Le moment est enfin venu. Non seulement, la mort de Robert Badinter m’offre une transition idéale mais je viens en outre de terminer la bande dessinée Histoire de Jérusalem (1). En découvrant l’histoire de cette cité sur 4000 ans, on comprend mieux à quel point cette terre n’est pas comme les autres, sans toutefois savoir pourquoi celle-ci plutôt qu’une autre, car Jérusalem ne présente aucun intérêt géo-stratégique particulier, aucune richesse majeure du point de vue de ses ressources naturelles, rien, vraiment, rien à part l’histoire car ici le monde entier ou presque est venu, pour le meilleur parfois et souvent pour le pire. Imaginez un peu, les Juifs, les Egyptiens, les Assyriens, les Perses, les Séleucides, les Romains, les Byzantins, les Francs, les Seldjoukides, les Syriens, les Mamelouks, les Ottomans, les Anglais et de nouveaux les Juifs ont régné sur cette cité. Et j’en oublie probablement. Et si certains de ces peuples ne vous sont pas familiers, peut-être que les noms de Salomon, David, Nabuchodonosor, Cyrus, Alexandre le Grand, Ponce Pilate, Jésus de Nazareth, Hadrien, Constantin, Abd al-Malik, pas le slameur hein, le calife omeyade, Baudouin I, II, III et IV, le roi lépreux, Saladin, Frédéric II, Nasser Mohamed, Sélim 1er, Soliman, Ibrahim Pacha, Youssouf Al-Khalidi, Nasser, Sadate, Begin, Rabin, Arafat… vous le seront davantage. L’histoire de Jérusalem, c’est un peu l’histoire du monde en condensé.

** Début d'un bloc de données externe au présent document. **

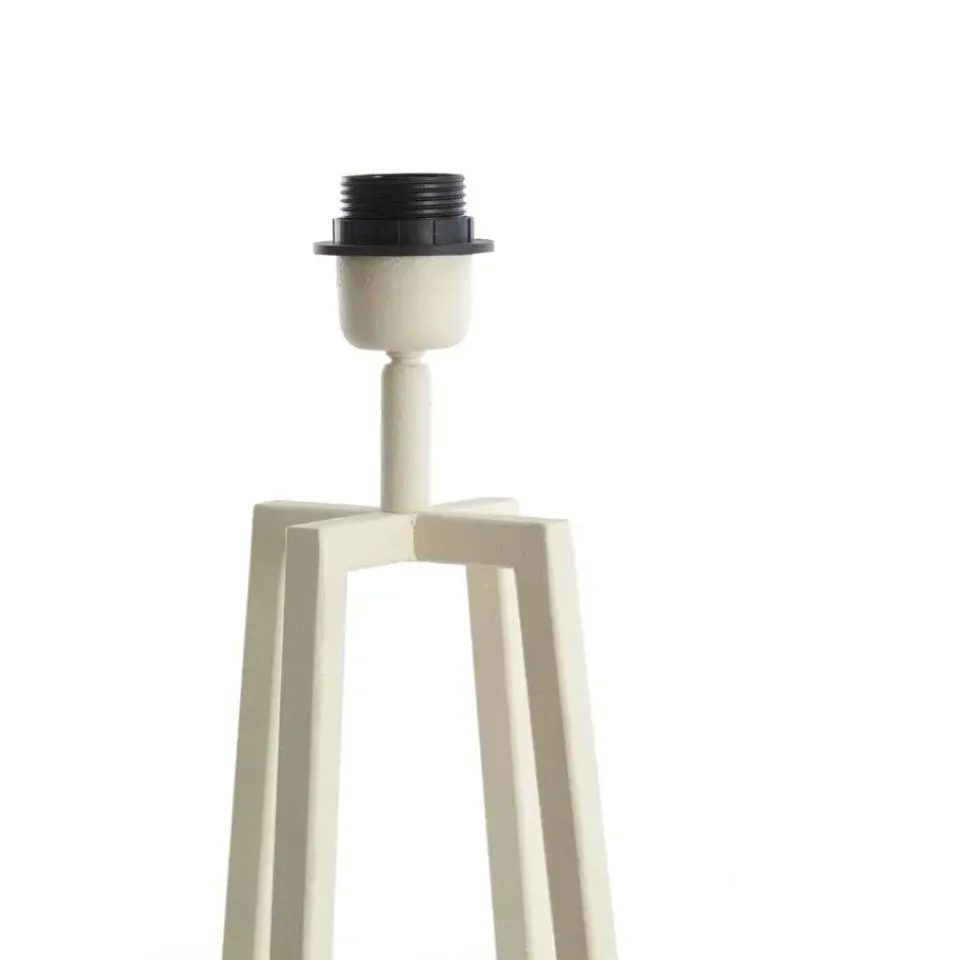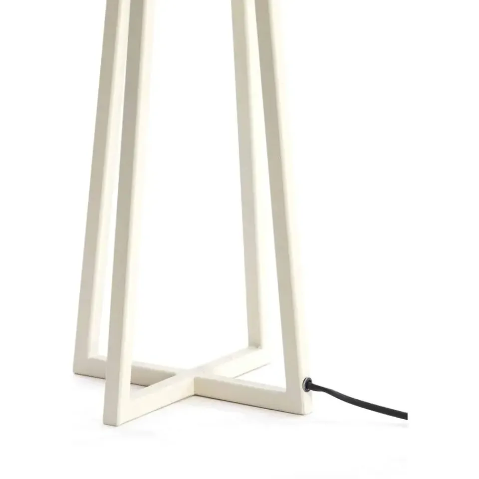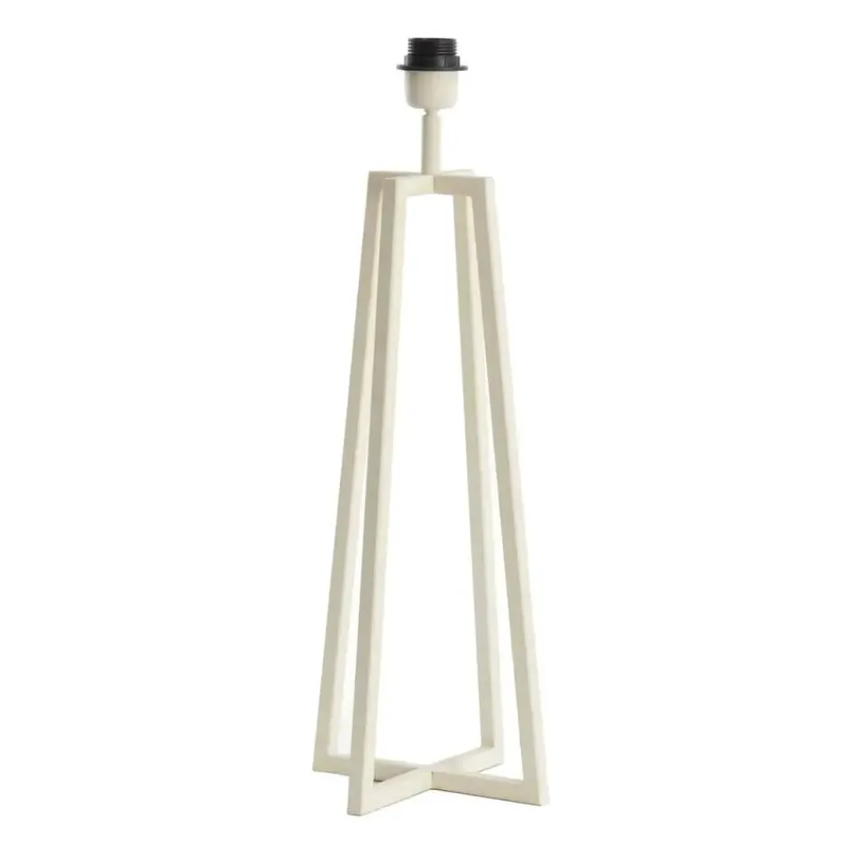 De Miley vloerlamp in crème heeft een unieke gekruiste metalen voet. Met afmetingen van 21x21x56 cm geeft hij een unieke touch aan je woonkamer. De vloerlamp wordt geleverd zonder lampenkap, zodat je de lamp kunt personaliseren met elke kap naar keuze.

En 4000 ans, beaucoup de sang a été versé, les conquêtes se faisant rarement dans la joie et la bonne humeur. On dit même que les Francs, lors des grandes croisades (1095-1187) mangèrent certaines de leurs victimes sarrasines, j’ignore si les galettes de sarrasin viennent de cette période sombre, n’ayant rien d’autre à manger après les milliers de kilomètres parcourus pour arriver là et atteindre leur objectif, délivrer la ville sainte de Jérusalem. Beaucoup de sang versé en effet, beaucoup de massacres, hommes, femmes, enfants, sans discrimination, mais aussi de longues périodes de paix, où Juifs, Chrétiens et Musulmans s’entendaient pour vivre ensemble et faire rayonner la ville. Une paix devenue impossible depuis l’émergence et le développement du sionisme porté notamment par Théodor Herzl à la fin du XIXème siècle, ce mouvement visant à faire revenir le peuple juif en Israël, là où il est né il y a 4000 ans. Seulement, la bande dessinée l’illustre bien, il s’en est passé des choses en 4000 ans et aucun peuple ne peut revendiquer la propriété de cette terre pour lui seul. Le sionisme, qui tire son nom de la colline de Sion, au sud de la ville, a connu une explosion après la Seconde guerre mondiale, et pour cause, déséquilibrant le rapport de force en faveur des Juifs et rendant tout dialogue et toute chance de trouver un accord, impossible.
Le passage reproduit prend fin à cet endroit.